Уоллес вернулся в Атланту, и Рудольф решил подыскать себе кого-нибудь еще. В то лето, живя в Ла-Тюрби, он преследовал Шарля Жюда, 16-летнего ученика балетного училища из Вьетнама, которого позже назовет своим любимым партнером после Марго. Шарль лежал на пляже в Эзе, когда кто-то подошел и сказал ему, что его ищет Рудольф Нуреев. В основном против воли – «Мой отец хотел, чтобы его дети занимались искусством» – Шарль занимался балетом в консерватории Ниццы; его педагог водил его на «Жизель» с Фонтейн и Нуреевым. Рудольфа он счел «хорошим, но не более того», и поэтому, когда танцовщик спросил, не хочет ли он с ним пообедать, Шарль застенчиво отказался, сказав, что хочет побыть с друзьями.
Гораздо больше Рудольфу повезло с танцовщиком Робертом Денверсом. Они недолго встречались в Португалии летом предыдущего года, когда Роберт, выступавший в труппе Мориса Бежара, почувствовал «какие-то лучи», идущие от него. Но только когда труппа Бежара приехала в Париж в октябре 1969 г., Рудольф, увидев Роберта на сцене, ясно дал понять на приеме после спектакля, что хочет провести с ним ночь.
«Я, конечно, согласился.
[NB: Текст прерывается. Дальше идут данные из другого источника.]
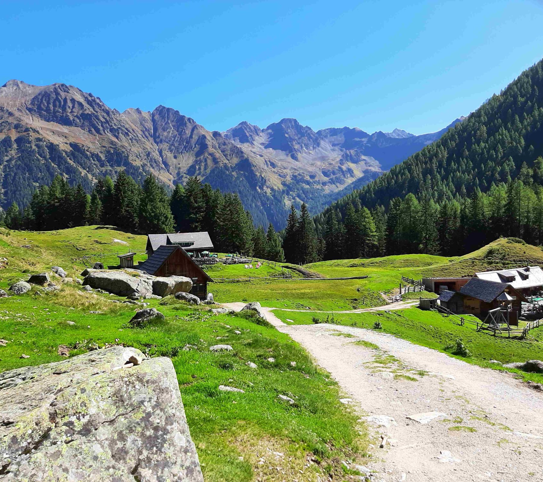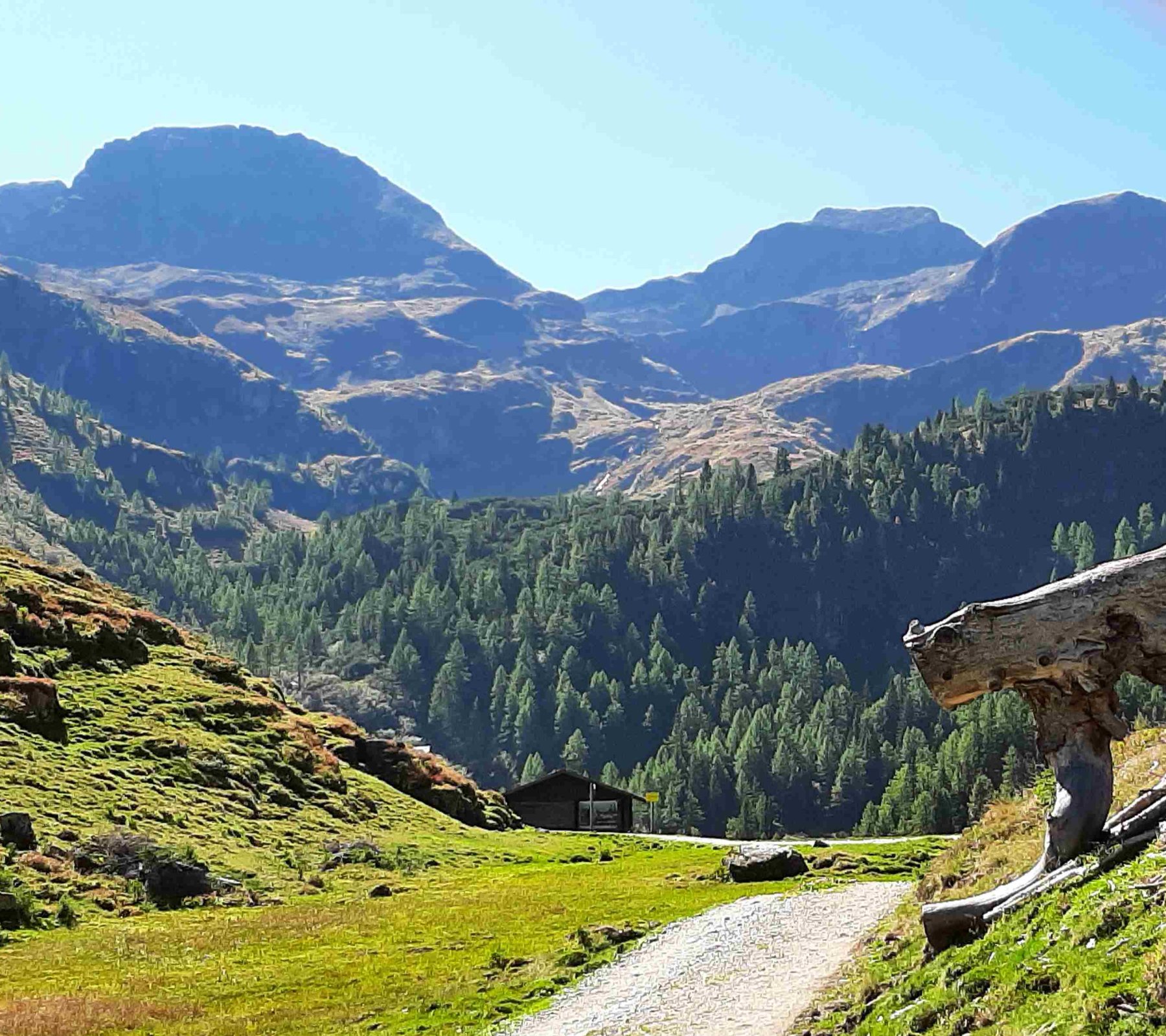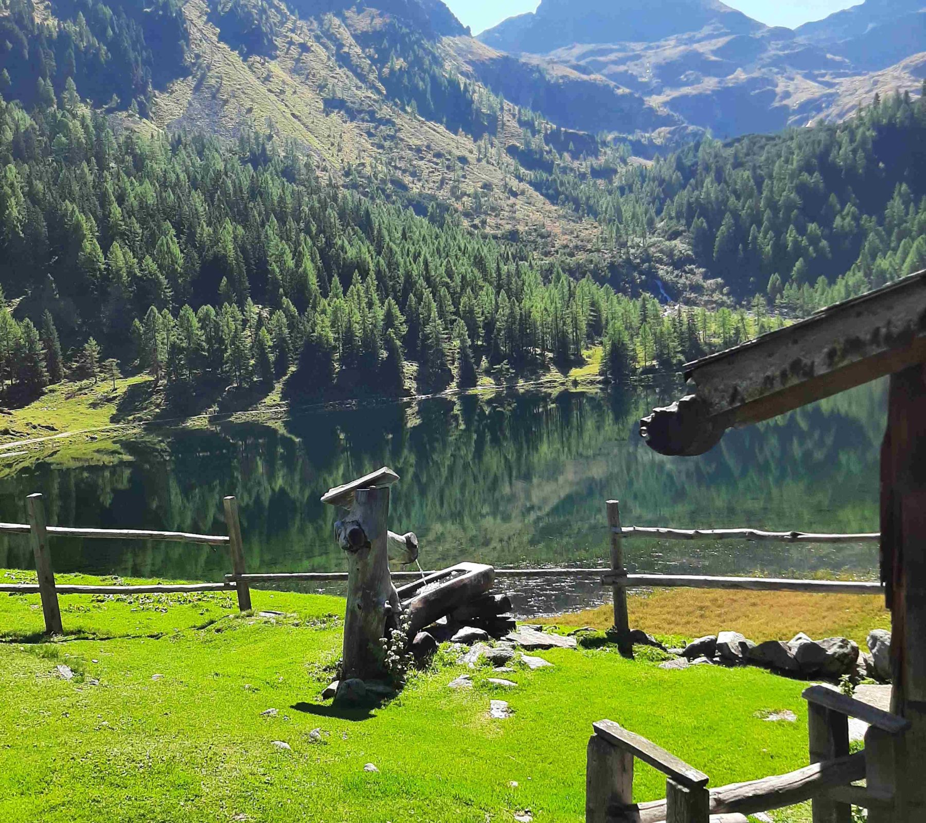 In der Duisitzkarseehütte kehren wir ein. Dann geht es wieder hinunter. Diesmal bleiben wir bis kurz vor der Eschachalm auf der Forststrasse.

Если мне предстояло выяснить, что я гей… Но ничего не получилось: мужчины меня не заводили. Возможно, тогда у Рудольфа первый раз что-то не получилось. Но он был очень милым – как большой медведь, если его обнимать, – и с ним я чувствовал себя невероятно спокойно. Все было очень нежно и чудесно, но никакого секса. Через неделю он сказал: «Роберт, ради всего святого, мы с тобой как две мужеподобные лесбиянки. Пора это прекращать». С того мига я понял, что переменился к нему, потому что каким-то образом прошел ритуал желания. То есть я любил его, но не желал иметь ничего общего с его членом».
Кроме того, Рудольф искал и анонимных встреч. Турецкие бани на лондонской Джермин-стрит невозможно было сравнить с «купальнями» в Нью-Йорке и Сан-Франциско с «кабинками для друзей», местами отдыха и расписанными граффити комнатами для любителей БДСМ – «сценами групповухи, где трахались, сосали, взрывались члены, преувеличенные гениталии». Все было старомодно и респектабельно; подобные действия там совершались крайне скрыто. Открытые круглосуточно, бани были «своего рода плавильным котлом», где встречались все, от членов почтенного клуба «Уайтс» за углом, которые дремали, переваривая сытный ужин, до мальчиков по вызову с Пикадилли-Серкус, которым негде было спать. Один из завсегдатаев, приятель Талиты Кристофер Гиббс, уверяет, что часто встречал там Рудольфа. Принадлежавший к кружку Гетти-«Стоунз»-Марракеш, Гиббс, посвятивший жизнь погоне за гедонистическим забвением, однажды уронил ЛСД в бассейн и ушел «совершенно улетевший». Но его, любителя рубашек Mr Fish, курток Blades и сапог Anello & Davide, можно назвать скорее денди 1960-х, чем наркоманом. Помимо всего прочего, он был необычайно ярким декоратором в старинном стиле. Его магазин на Элистен-стрит в Челси был настоящей сокровищницей, где европейская история сочеталась с отголосками Востока – китайская ширма из Хэмптон-Корта, шезлонг из дома Наполеона на острове Святой Елены, задрапированный 400-летним ковром из Исфагана. Рудольф часто проходил мимо, чтобы «что-нибудь купить и пофлиртовать» с владельцем, своим ровесником, таким же привлекательным, как и его товары: остроумным, интеллигентным, с набриолиненными волосами и обаянием слегка помятого выпускника дорогой английской частной школы.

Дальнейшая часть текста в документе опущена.